The Beijing Stalinists have long promoted reunification with Taiwan
under the formula, “one country, two systems,” the same formula used
to incorporate the capitalist enclave of Hong Kong (a former British
colony) in 1997. The incorporation of Taiwan into the People’s
Republic under that formula is not on the immediate historical agenda.
But should such a development take place, it would greatly strengthen
the social forces of capitalist restoration, much more so than in the
case of Hong Kong. Opposing the Stalinists’ efforts to accommodate the
Taiwan-based Chinese bourgeoisie, we stand for revolutionary
reunification: proletarian political revolution on the mainland and
proletarian socialist revolution in Taiwan resulting in the
expropriation of the bourgeoisie.

A Tight Labor Market and a New Proletarian Generation

The strike wave that began in the spring took place in the capitalist
sector of China’s economy. However, favorable conditions for these
workers’ struggles have been the result in good part of the workings
of the core collectivized sector of the economy. When the world
capitalist market tanked in the fall of 2008, an estimated 20 million
workers were laid off from the export-producing factories in coastal
China. Most returned to the rural villages.

One of the main effects of the government’s stimulus program has been
a substantial expansion of employment opportunities in the country’s
interior. As export production revived, beginning last summer, the
inflow of migrants seeking work in coastal China was less than in the
past. Glenn Maguire, Asia chief economist for the French bank Société
Générale, observed that this development “suggests that the stimulus
packages have been incredibly successful at creating jobs” (Reuters, 1
June). A survey by the ministry of labor estimated that in the Pearl
River Delta manufacturing center in Guangdong, job vacancies exceeded
applicants by 9 percent in the first quarter of the year. The tight
labor market has increased the bargaining power of workers at the
individual and the collective level. An executive at a Guangdong-based
electronics company noted the changed situation: “When you fined
workers nobody would dare to object because if you said anything you
were out. But now every time a certain number of workers oppose some
management move, my company will adjust it” (Financial Times, 4 June).

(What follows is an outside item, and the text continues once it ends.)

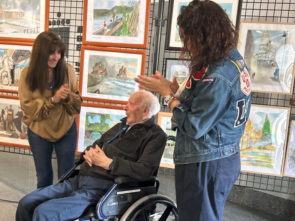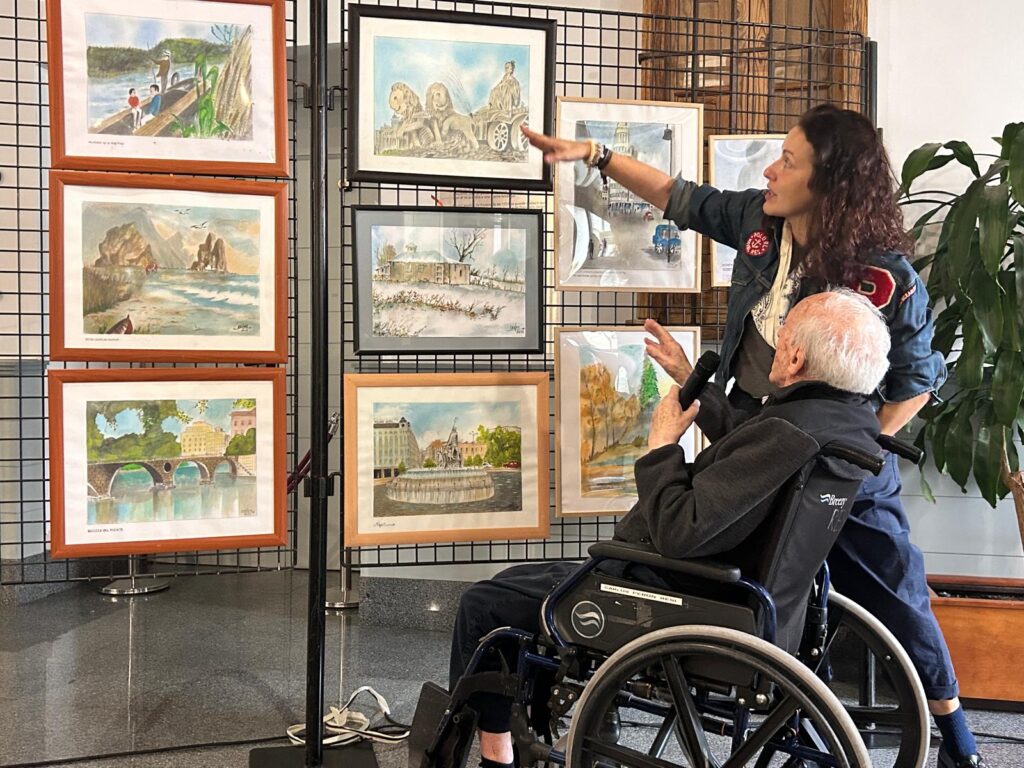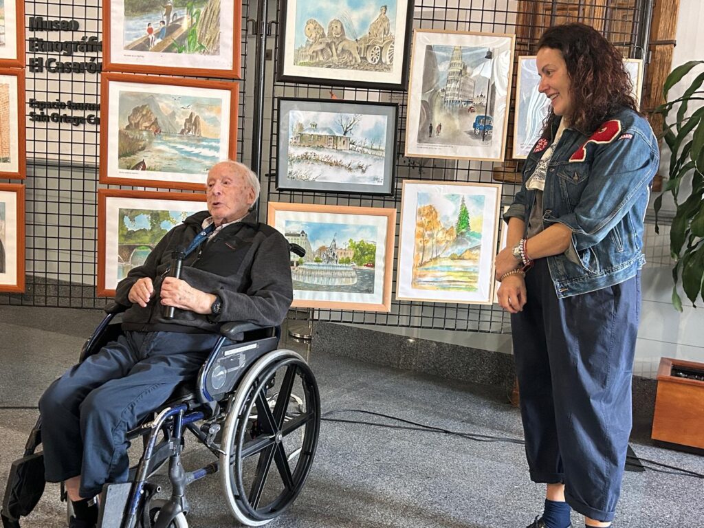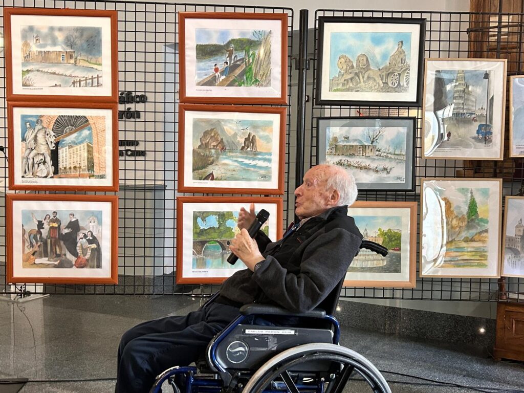 Magazine SLV. San Sebastián de los Reyes. Un vecino de San Sebastián de los Reyes a sus 101 años ha presentado su exposición de pinturas en acuarela ‘100 años y más de color’ en El Caserón

In addition to conjunctural factors, the long-term demographic trend
is beginning to impact the labor market. For the past several decades,
the CCP regime, seeking to curb population growth, has limited urban
families to one child and rural families to two. As a consequence, the
population between the ages of 15 and 24—the pool from which almost
all migrant workers are drawn—has remained basically unchanged for the
past five years and is projected to fall by almost 30 percent over the
next ten years. Many bourgeois commentators foresee the beginning of
the end of “cheap labor” in China.

But it is not only objective conjunctural and demographic factors that
underlie the increased assertiveness and social power of China’s
workers. The strike wave signals the entry of a new proletarian
generation onto the social scene, one whose outlook and attitudes
differ significantly from those of their parents.

The young peasant men and women who flooded into the cities in the
1980s and ’90s came from very poor, economically primitive conditions.
Working in a factory or construction site, however harsh the
conditions, was the only way they could improve their lives. For most
of them, the goal was to save enough money so that they could return
to their native villages and build new homes, buy equipment for their
family farms or open small businesses.

The present generation of migrants has come of age in a society that
is far more developed, even in the countryside, but also much more
unequal. Their aspirations and expectations are correspondingly
different. In response to a survey of 5,000 second-generation migrant
workers conducted by the General Labor Union in the Guangdong city of
Shenzhen, almost all said that they were unwilling to return to their
home villages and become farmers. Cha Jinhua, described as a Guangdong-
based labor activist, explained: “We’re different from our parents’
generation. Their wishes were simple—earn some money and return to
their home towns. We want to stay in the cities and enjoy our lives
here. But we demand respect” (Financial Times, 1 June).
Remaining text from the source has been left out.